Then add it at less than a quart per tankful, reducing further as needed so the engine doesn't smoke. Smoke means incompelete combustion means you are torturing the catalytic converter to death (never mind the metallic junk in the oil if you don't filter it, which will poison the cat). And running the fuel injection systeem out-of-gamut: meaning the fuel injection system is designed to adjust for variations in fuel and still run clean and stochiometric, but this fuel is too different from normal fuel and is beyond the system's ability to adjust for it. Reduce the ratio.
Really, a better plan is to do the settling and filtration I mentioned, then blend it into an old diesel engine at 50:1 or so. I am unclear how you can be so far from civilization that it's a chore to take used motor oil to an auto parts, and yet, there are no farmers around?
I would not use it for 2-cycle oil as that is too critical an application.
Or even better, after settling, use it as makeup motor oil to replace oil burnt between oil changes. Then you don't need to do the filtration because filtration needs for oil are different than for fuel... Also the car has an oil filter. I hope you've change it from time to time.

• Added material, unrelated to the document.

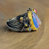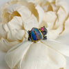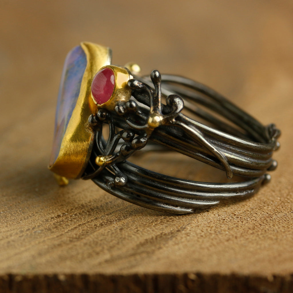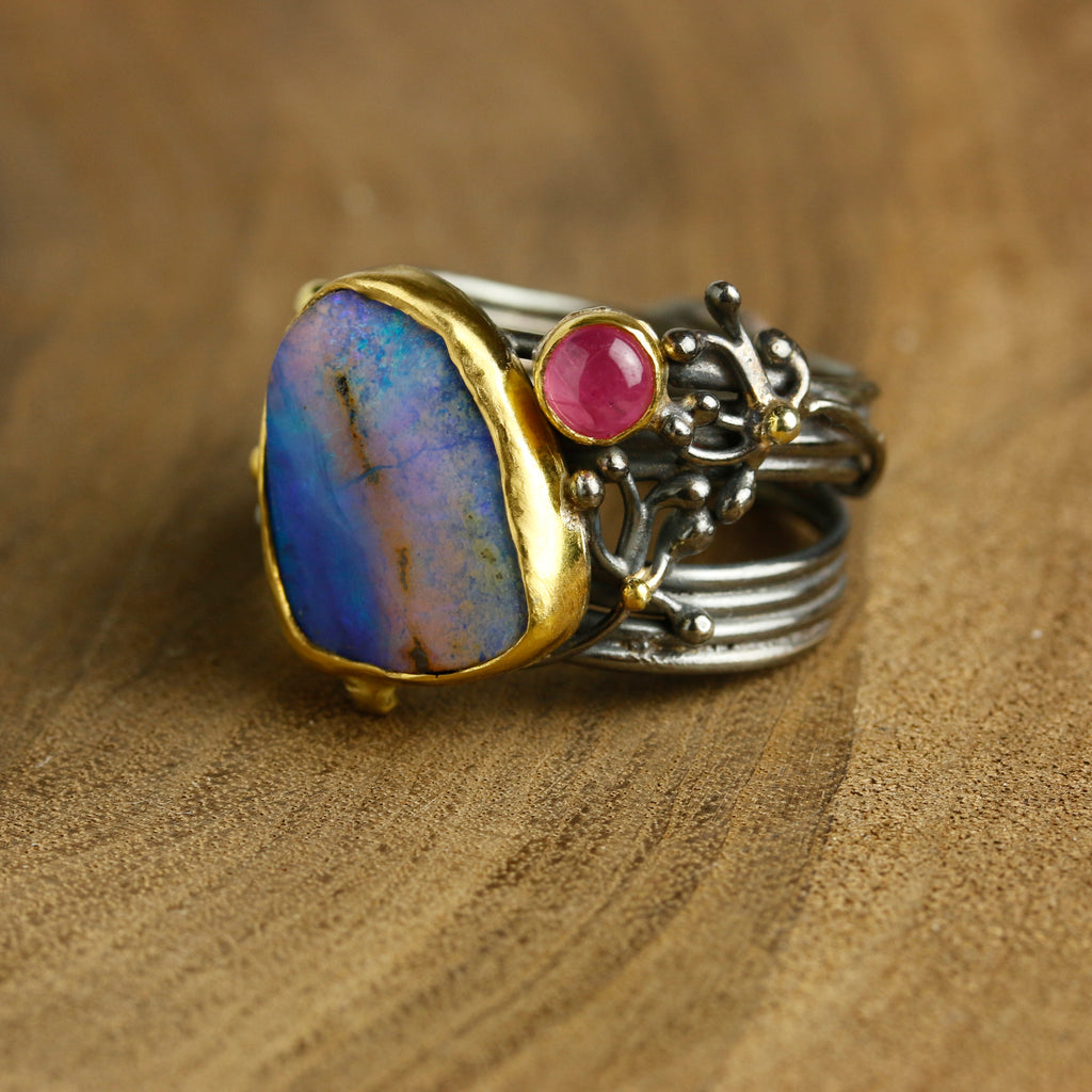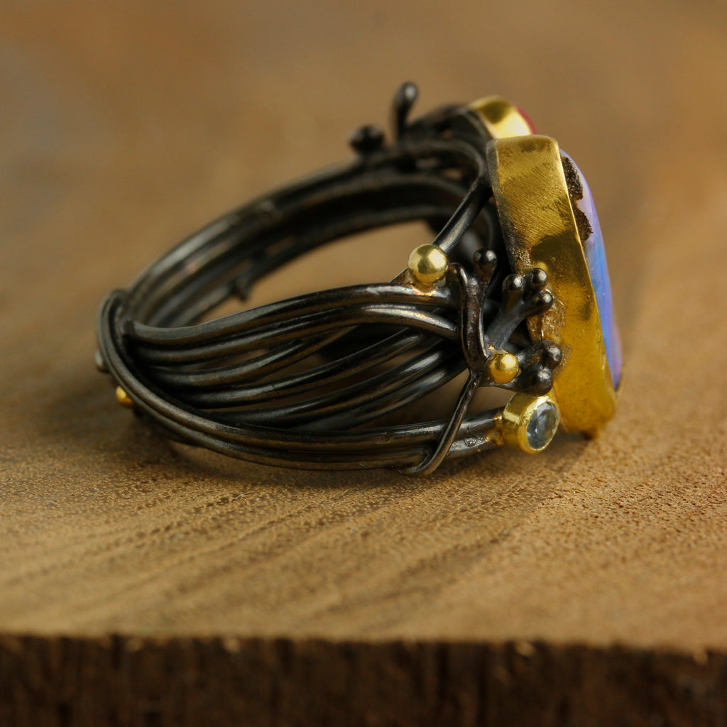 Look at this boulder opal!!! Cobalt blue, to violet, to soft rose and the delightful texture of the host rock showing through from the bottom. I've wrapped it in 22k gold and set it on one of my tangled vine rings.

It should be noted (since nobody else did) that your car isn't designed to burn an oil-mix and that cloud of smoke behind your car is polluting the neighborhood. I am surprised you haven't managed to foul your plugs doing this.
Interesting approach. Caterpillar issued a TSB probably 10 years ago, which prescribed dilution rates of crankcase oil to fuel for their off road equipment like bulldozers. Of course those are diesel, and they may not have a catalytic converter to deal with.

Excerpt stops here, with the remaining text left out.